Map of Central Asia, Including Commonwealth of Independent States Members

(Interfax – September 11, 2013) Less than 10 percent of Russian citizens are ready to accept people from Central Asia who have lived in Russia for a long time as equals, VTsIOM General Director Valery Fyodorov said.

“Tajiks, Uzbeks, and Kyrgyz – those who are in most cases called guest workers – only 8 percent of Russians agree to consider them Russian on condition that they have lived in Russia for a long time. That is, it is not true that we are ready to recognize them as part of our ethnos, even of these people live in the country for a long time, work, and even take Russian citizenship,” Fyodorov told a press conference on Tuesday.

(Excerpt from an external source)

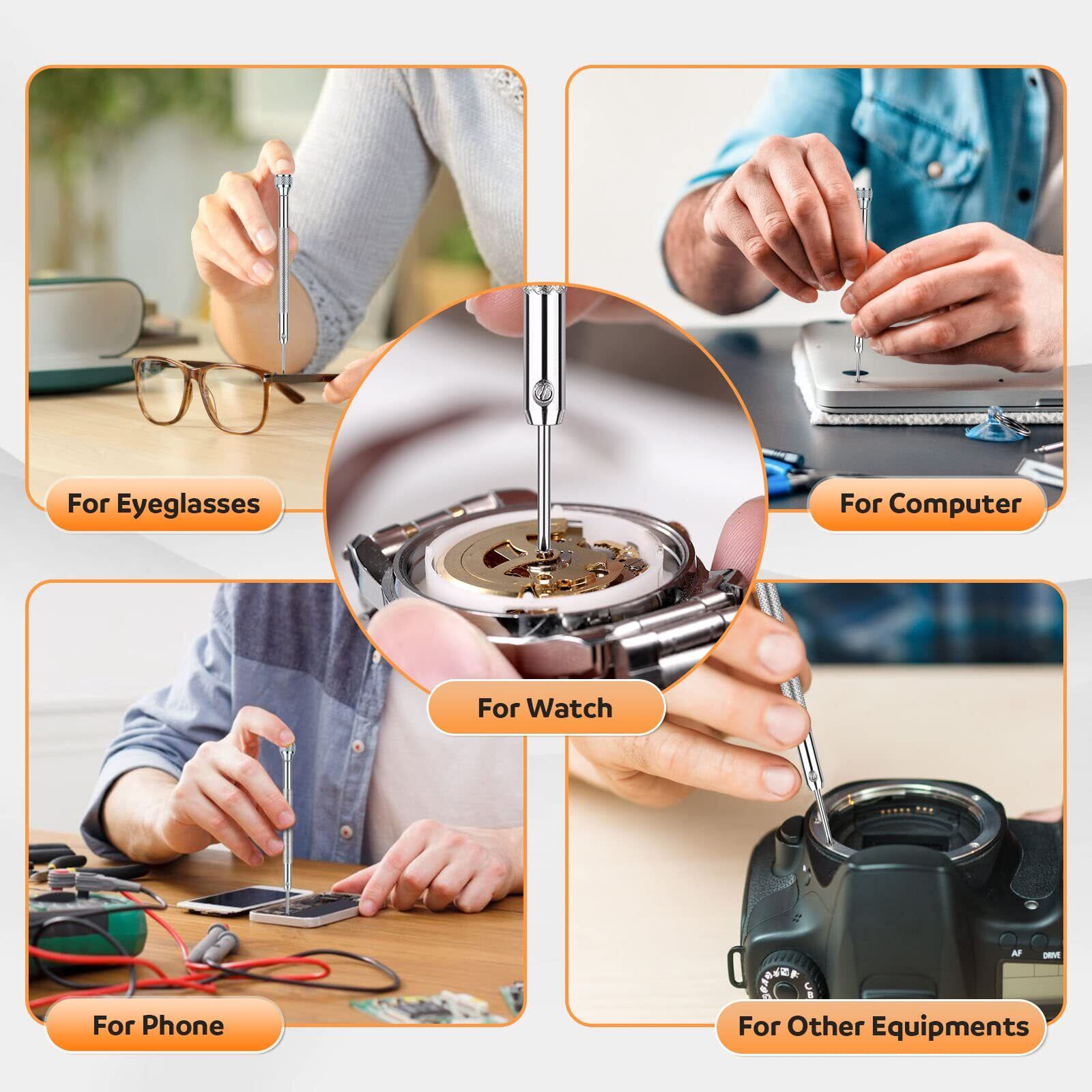 【幅広い用途】 時計修理、メガネ修理、時計電池交換、時計ストラップ交換、時計ブレスレットのスクリューリンク外し、ジュエリー加工、その他小型精密電子機器修理に適したセットです。

Fyodorov said 44 percent of Russians are ready to recognize Ukrainians and Belarusians who live in Russia. “Forty-four percent of Russians say a Ukrainian or a Belarusian person can be considered Russian if he or she has lived in the country for a long time. The territorial and linguistic looseness and factor like that play a role here,” he said.

“The next people in the rating are Tatars and Bashkirs. Some 30 percent of the respondents said they agree to call these people Russian,” Fyodorov said.

“This means we are currently not ready to live with people from central Asia in one family. The situation with Koreans, Chinese, and Japanese is similar: this issue is more vital in the Far East,” he said.

“In addition, only 7 percent of the respondents are ready to consider residents of the Northern Caucasus republics – Chechens, Dagestanis, and Ingush – as Russians, and they live in Russia by definition. This division line is very dangerous, we should look closely at it,” the expert said.